PROBLEM REQUIREMENTS → Output the data unchanged and complete, minus the images.

##### DATASET SECTION #####

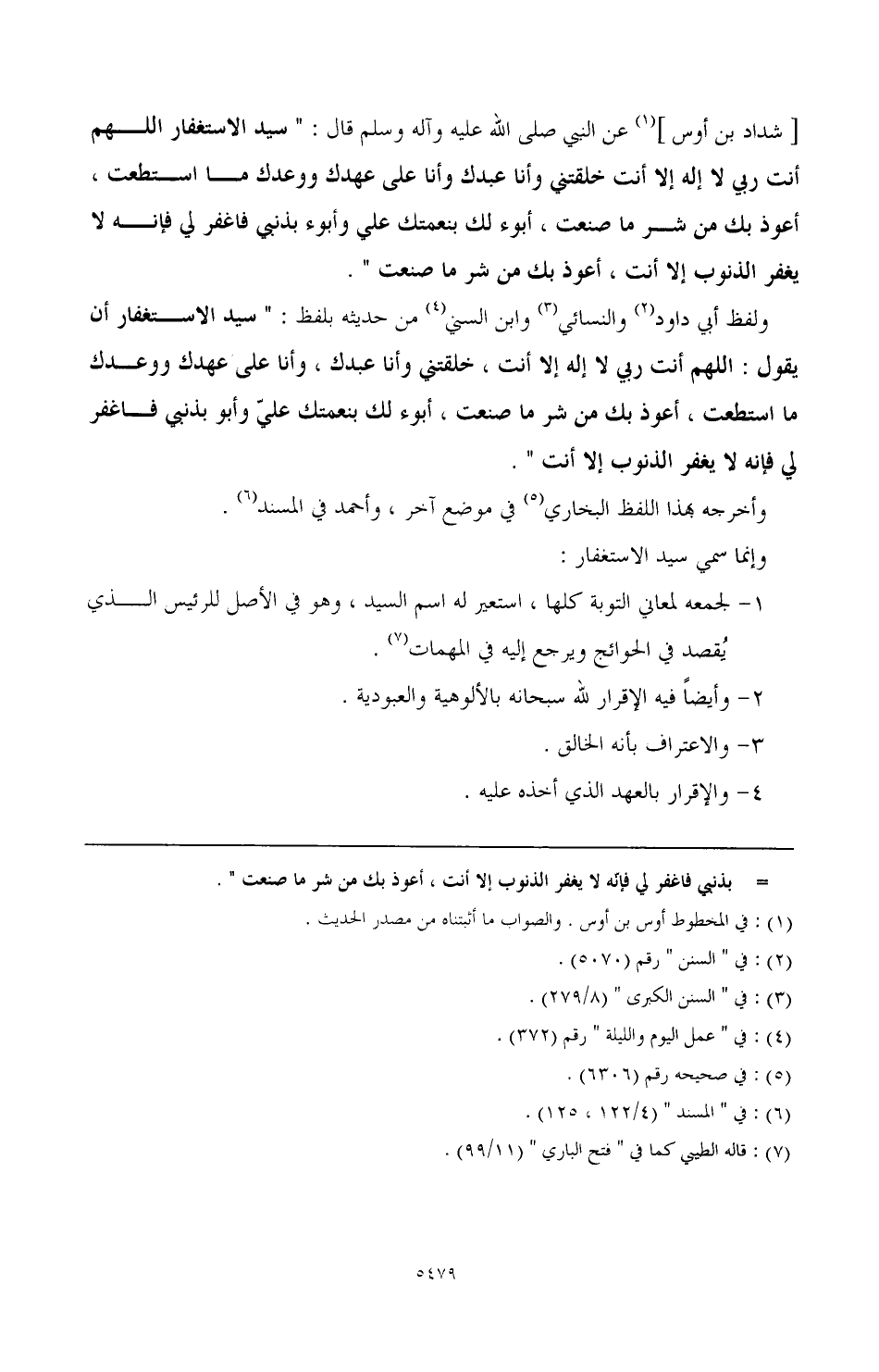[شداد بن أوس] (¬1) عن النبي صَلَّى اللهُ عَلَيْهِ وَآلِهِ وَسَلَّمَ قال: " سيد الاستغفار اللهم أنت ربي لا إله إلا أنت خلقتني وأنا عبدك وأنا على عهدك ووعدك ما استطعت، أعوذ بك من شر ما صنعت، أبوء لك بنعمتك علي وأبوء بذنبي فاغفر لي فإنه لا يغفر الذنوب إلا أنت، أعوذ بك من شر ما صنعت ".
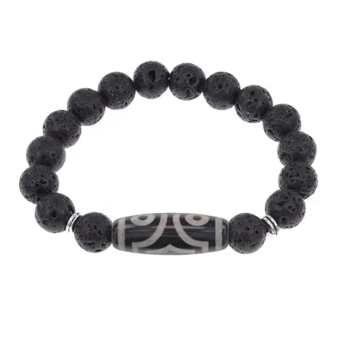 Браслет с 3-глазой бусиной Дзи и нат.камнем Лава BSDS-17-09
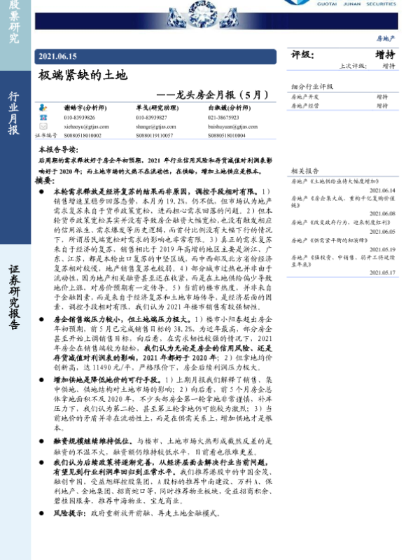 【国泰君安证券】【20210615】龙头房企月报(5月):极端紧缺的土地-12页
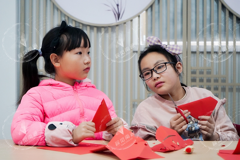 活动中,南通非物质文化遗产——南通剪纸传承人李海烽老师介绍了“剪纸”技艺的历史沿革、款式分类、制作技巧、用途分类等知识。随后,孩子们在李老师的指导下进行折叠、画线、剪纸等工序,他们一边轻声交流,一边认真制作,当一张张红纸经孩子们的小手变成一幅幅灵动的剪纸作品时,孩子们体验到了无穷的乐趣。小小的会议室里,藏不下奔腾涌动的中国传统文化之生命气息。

#####

RESULT OF THIS EXERCISE →
[شداد بن أوس] (¬1) عن النبي صَلَّى اللهُ عَلَيْهِ وَآلِهِ وَسَلَّمَ قال: " سيد الاستغفار اللهم أنت ربي لا إله إلا أنت خلقتني وأنا عبدك وأنا على عهدك ووعدك ما استطعت، أعوذ بك من شر ما صنعت، أبوء لك بنعمتك علي وأبوء بذنبي فاغفر لي فإنه لا يغفر الذنوب إلا أنت، أعوذ بك من شر ما صنعت ".
 Браслет с 3-глазой бусиной Дзи и нат.камнем Лава BSDS-17-09
 【国泰君安证券】【20210615】龙头房企月报(5月):极端紧缺的土地-12页
 活动中,南通非物质文化遗产——南通剪纸传承人李海烽老师介绍了“剪纸”技艺的历史沿革、款式分类、制作技巧、用途分类等知识。随后,孩子们在李老师的指导下进行折叠、画线、剪纸等工序,他们一边轻声交流,一边认真制作,当一张张红纸经孩子们的小手变成一幅幅灵动的剪纸作品时,孩子们体验到了无穷的乐趣。小小的会议室里,藏不下奔腾涌动的中国传统文化之生命气息。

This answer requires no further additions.